DATA TO PROCESS —
-------------------------

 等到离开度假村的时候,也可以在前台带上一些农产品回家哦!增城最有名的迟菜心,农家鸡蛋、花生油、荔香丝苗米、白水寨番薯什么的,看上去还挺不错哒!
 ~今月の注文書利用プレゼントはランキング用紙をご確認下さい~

-------------------------

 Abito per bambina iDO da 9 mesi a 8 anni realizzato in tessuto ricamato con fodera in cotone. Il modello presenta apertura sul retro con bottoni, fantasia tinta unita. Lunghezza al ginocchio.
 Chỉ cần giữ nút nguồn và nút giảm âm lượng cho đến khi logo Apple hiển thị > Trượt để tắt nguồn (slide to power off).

-------------------------

ASSIGNMENT — Starting at the line that has "Abito per bambina" and ending at the line that has "Chỉ cần giữ", please write out the lines above exactly, leaving out all others.

WRITTEN SOLUTION —
 Abito per bambina iDO da 9 mesi a 8 anni realizzato in tessuto ricamato con fodera in cotone. Il modello presenta apertura sul retro con bottoni, fantasia tinta unita. Lunghezza al ginocchio.
 Chỉ cần giữ nút nguồn và nút giảm âm lượng cho đến khi logo Apple hiển thị > Trượt để tắt nguồn (slide to power off).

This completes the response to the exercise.